There was no way in hell he couldn't feel what effect the conversation was having on me, but I continued talking as he continued to pretend he couldn't feel me growing hard in my pants. "Or how you like to jump me when I get in the door, even before I can get my boots off."
"I've had a thing for you for a long ass time. You come home dirty, smelling like oil, gas, and sweat, and I associate those smells with you. Somewhere along the line, I ended up having a kink for mechanics. So now I have a thing for you and mechanics, so I can't always help myself."
I let out a low growl, knowing that was just as enticing for him as those stupid sweatpants. “And what time do you have to go into the bakery today?"
"Not till the morning," he said, his hand sliding into my lap with a smirk, flicking open the button to my jeans with a twist of his wrist.
"So...plenty of time," I said, knowing that if I wanted to, I could stretch the foreplay out, and he’d go with it. I'd done it before, if only to prove I could restrain myself when it came to him. The end result was definitely not something I was going to argue with since by the time the two of us had finally given in and ripped our clothing off, I was ready to lose it at the first touch. The sex had been even more intense than usual, but as I learned, holding out like that took willpower I didn't normally have.
And today wasn't one of those days.
I leaned back as he undid my pants and fished my dick out. He wasn't the first who had been thrilled to find a big partner, but he was one of a few who could match that enthusiasm with practical skill. Considering he made sure he didn't get upset about things like Bennett, I tried not to think too hard about where he would have gotten those skills or how.

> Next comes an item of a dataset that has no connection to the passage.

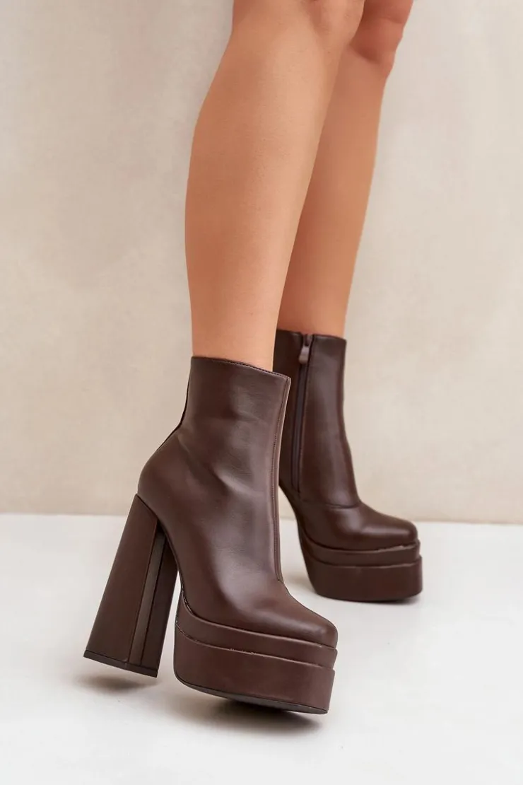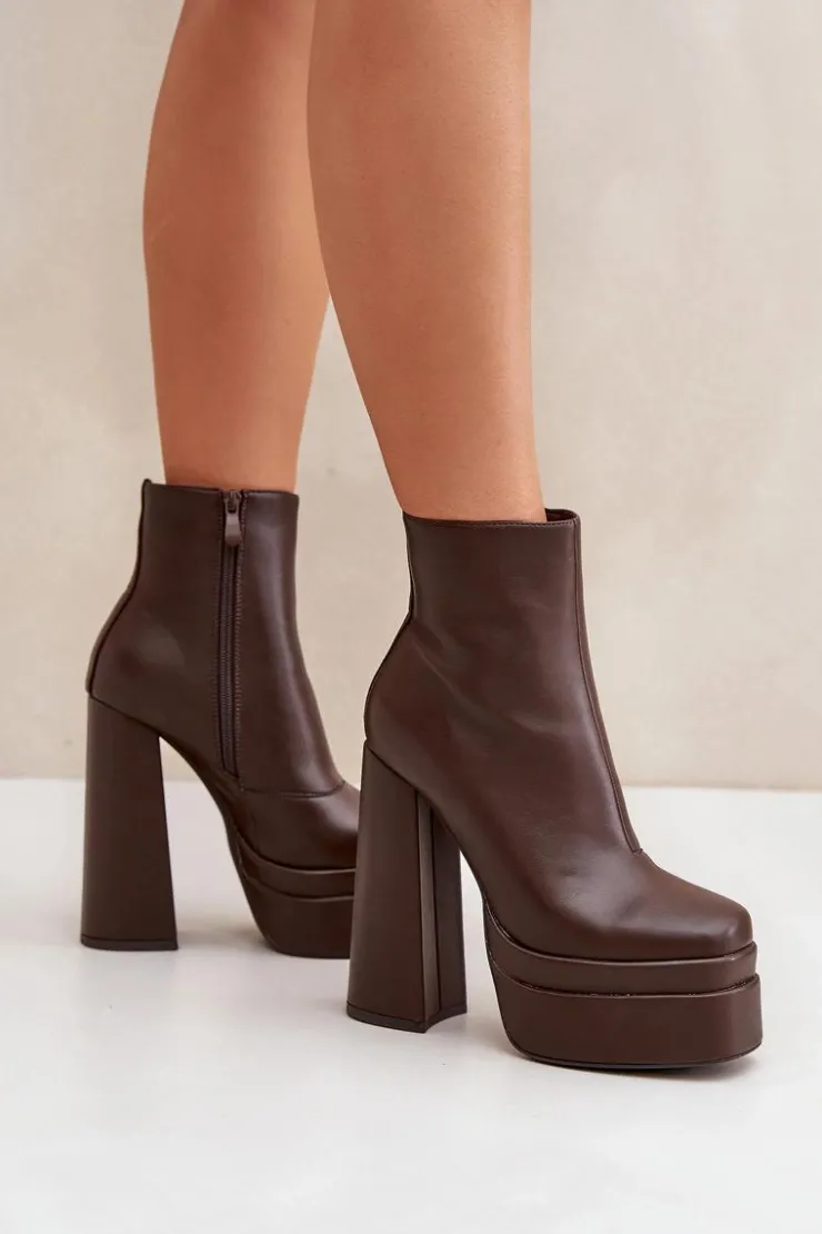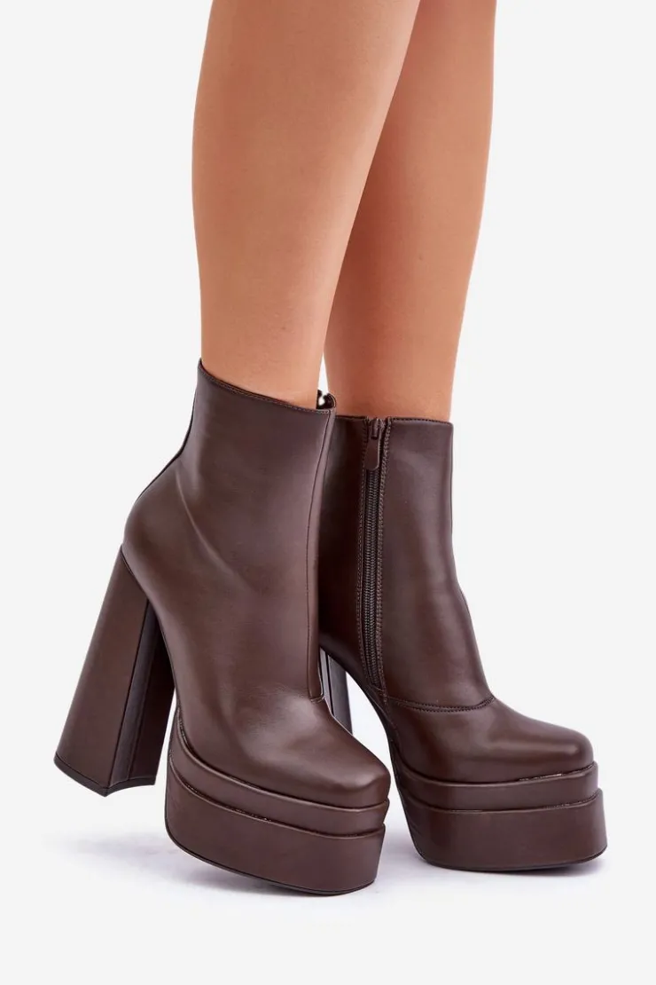 Botki damskie wykonane z eko skóry, osadzone na masywnej platformie i wysokim obcasie, które dodają charakteru każdej stylizacji. Model z zaokrąglonymi noskami zapewnia komfort noszenia. Wnętrze ocieplane kocem obuwniczym, idealne na chłodniejsze dni. Praktyczne zapięcie na zamek ułatwia zakładanie. Stylowe i wygodne, doskonałe na co dzień i specjalne okazje. Przy wyborze rozmiaru prosimy sugerować się tabelą rozmiarów.

A groan burned up my chest and out my mouth as he took me into his mouth, sucking half my cock inside and letting it fill his throat. He twisted his body to get a better angle before rocking his head back and forth. There was absolutely no shame or hesitation on his part, and he let the bedroom fill with the wet sounds of slurping and the low whimpers he made as he shoved me into his throat completely.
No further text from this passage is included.